Susan Beaumont, a senior consultant with the Alban Institute, shares in her newest article research on the benefits of the human experience of awe and reflects on ways of fostering awe in people.  See the article here:   http://www.susanbeaumont.com/2017/07/18/disappointed-in-your-followers-try-cultivating-awe/  Beaumont writes how awe is inspired by beauty.  Experiences of awe draw us out of ourselves, cause us to pause to take notice and recognize we are but a small part of something much bigger than ourselves.

Overlook at Sleeping Bear National Lakeshore
Awe is what draws us to visit National Parks this time of year.  They are national treasures.  Over the years, I've visited many of them.  Whether it is watching Old Faithful at Yellowstone in Wyoming; standing on the rim of the Grand Canyon in Arizona and trying to comprehend what eyes see; hiking trails at Zion in Utah; taking in the grandeur of Yosemite in California; driving in dizzying high altitudes of Glacier in Montana, and Rocky Mountain in Colorado; sitting by a campfire in the Smoky Mountains in Tennessee, or being socked in the fog at Acadia in Maine, something special happens deep in us at these places. Here in Michigan, we have the Sleeping Bear Dunes National Lakeshore.  Standing on the top of Sleeping Bear dune and looking out over Lake Michigan recalibrates perspective.

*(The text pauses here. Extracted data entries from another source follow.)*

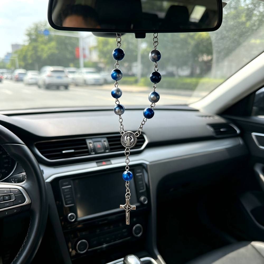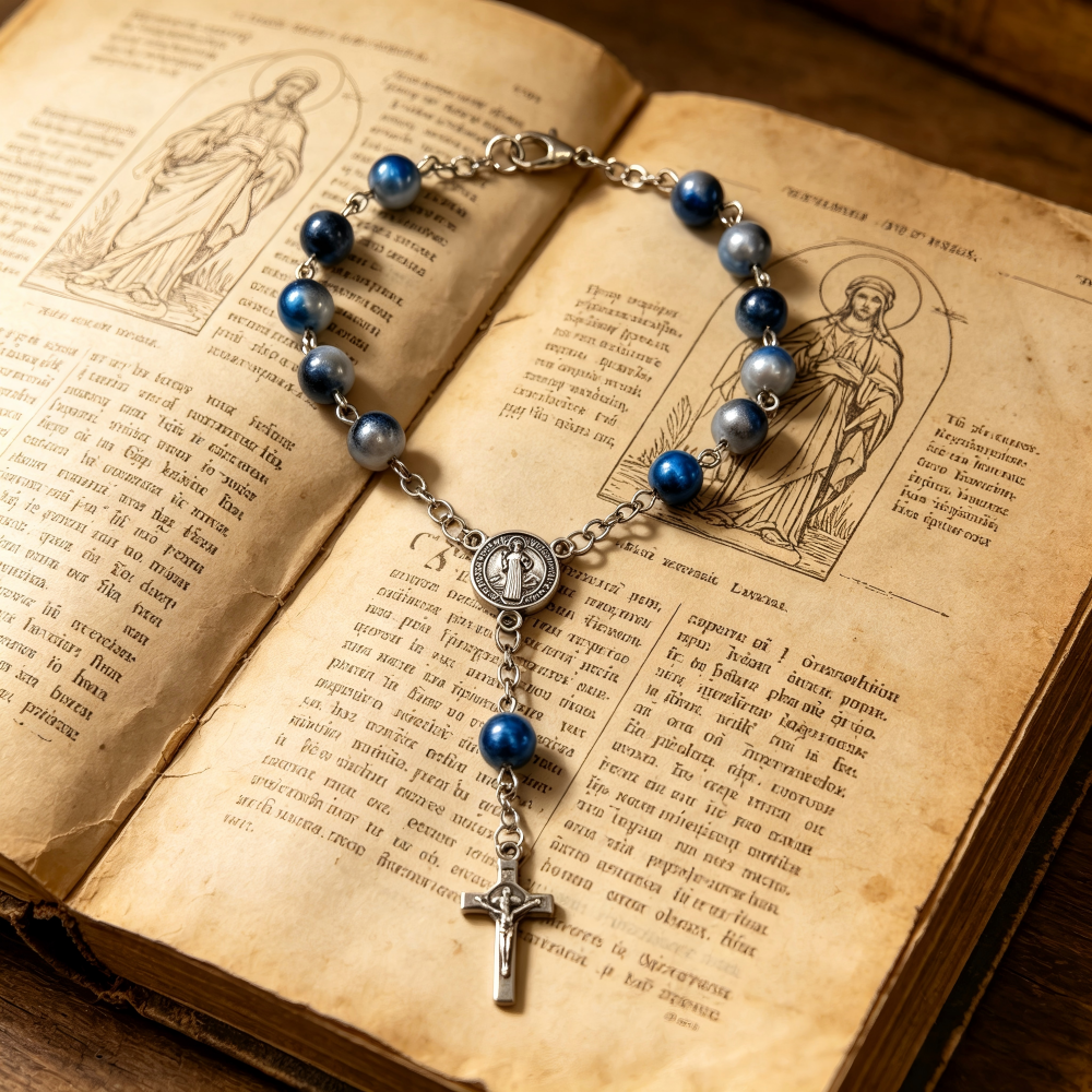 (蓝色)磨砂珠玫瑰经念珠手链 镀金镶钻爱心十字架饰品 洗礼礼物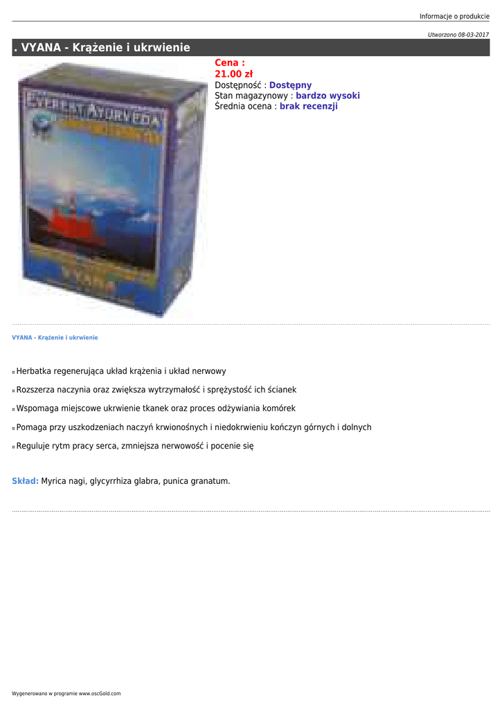 Informacje o produkcie Utworzono 08-03-2017 . VYANA - Krążenie i ukrwienie Cena : 21.00 zł Dostępność : Dostępny Stan magazynowy : bardzo wysoki Średnia ocena : brak recenzji VYANA - Krążenie i ukrwienie ¤ Herbatka regenerująca układ krążenia i układ nerwowy ¤ Rozszerza naczynia oraz zwiększa wytrzymałość i sprężystość ich ścianek ¤ Wspomaga miejscowe ukrwienie tkanek oraz proces odżywiania komórek ¤ Pomaga przy uszkodzeniach naczyń krwionośnych i niedokrwieniu kończyn górnych i dolnych ¤ Reguluje rytm pracy serca, zmniejsza nerwowość i pocenie się Skład: Myrica nagi, glycyrrhiza glabra, punica granatum. Wygenerowano w programie www.oscGold.com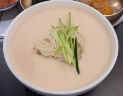이 식당의 콩국물은 매일 아침 신선한 콩을 삶아내고 맷돌에 직접 갈아 만들기 때문에 깊고 진한 고소함이 살아 있습니다.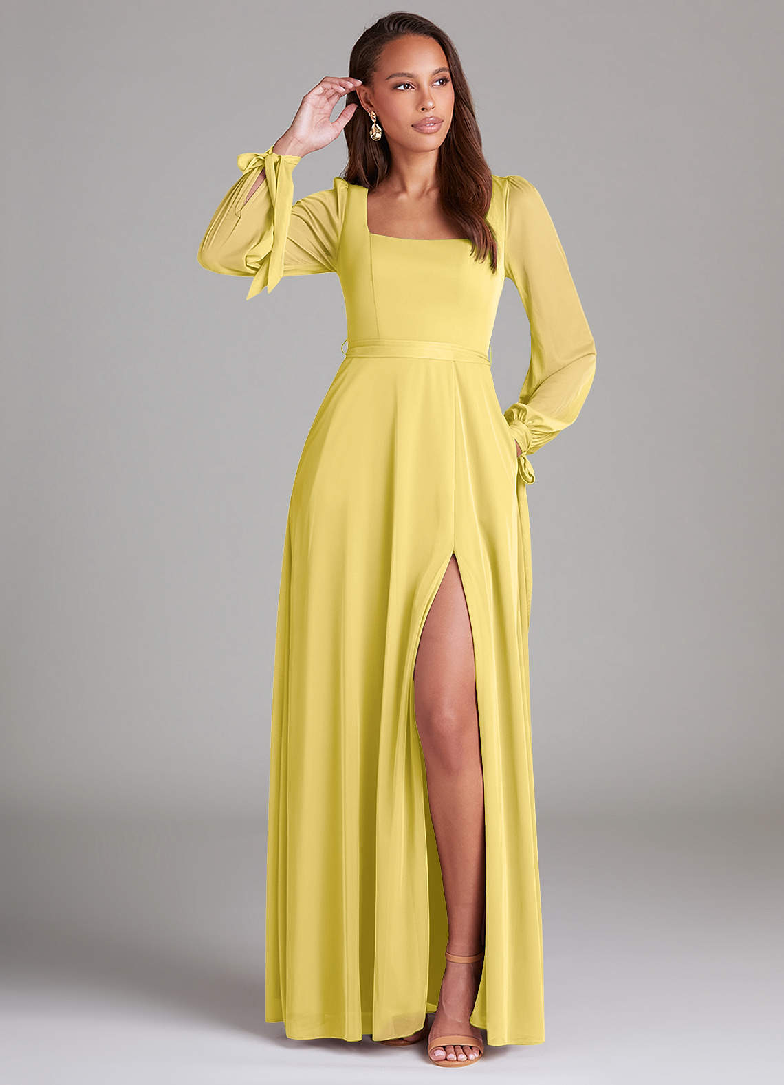 Jurk van Mesh met A-Lijn Lange mouw Kanarie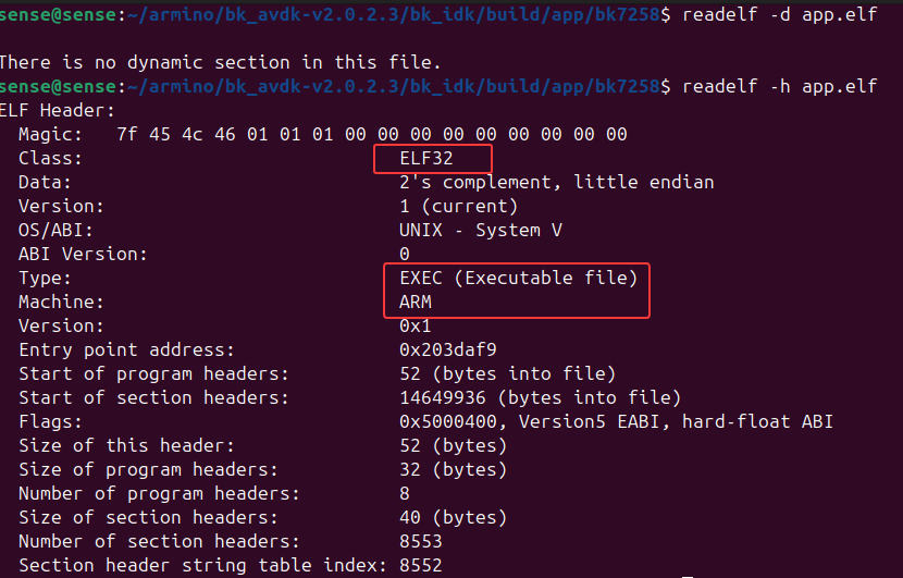 3.使用readelf查看,发现app.bin不属于elf文件个数,app.elf属于标准的elf文件格式。

It was ten years ago when I sensed God calling me to something new.  It was about this time of year when I first learned about the Presbytery of Lake Michigan and its search for a general presbyter.  Part of a new call includes the grief work for what is being left behind.  I wrestled with my attachments to the Montauk Community Church, the community and friends there, whom I loved. There was for me the added grief of leaving the awe inspiring landscape there.  To be blunt, who doesn't love a water view?  I had the extraordinary privilege and honor to serve that oceanside fishing, resort community.  They provided me with a manse with a ocean view! With a five minute walk to the beach!!  With an ocean view from my church office desk!!!  They paid me to live there!!!!  What can I say?  Yet, after eleven years of ministry there, God had something new in mind for me.  And the Presbytery has kept me busy enough ever since not to think too much about it.

Life is not all a mountaintop experience.  God calls us forth to serve.  However, my experience in Montauk taught me about awe.  Unless one is spiritually dead, no one enters Montauk without experiencing a sense of awe.  When one drives into this village from the west on Montauk Highway, all of a sudden an ocean view opens before your eyes.  The universal response of residents and visitors alike is a wonderful sense of awe, joy, peace...recalibration.  Getting to Montauk takes some effort, can be tiring and frustrating.  All that instantly evaporates.  You say to yourself, "OK, this is why I'm here."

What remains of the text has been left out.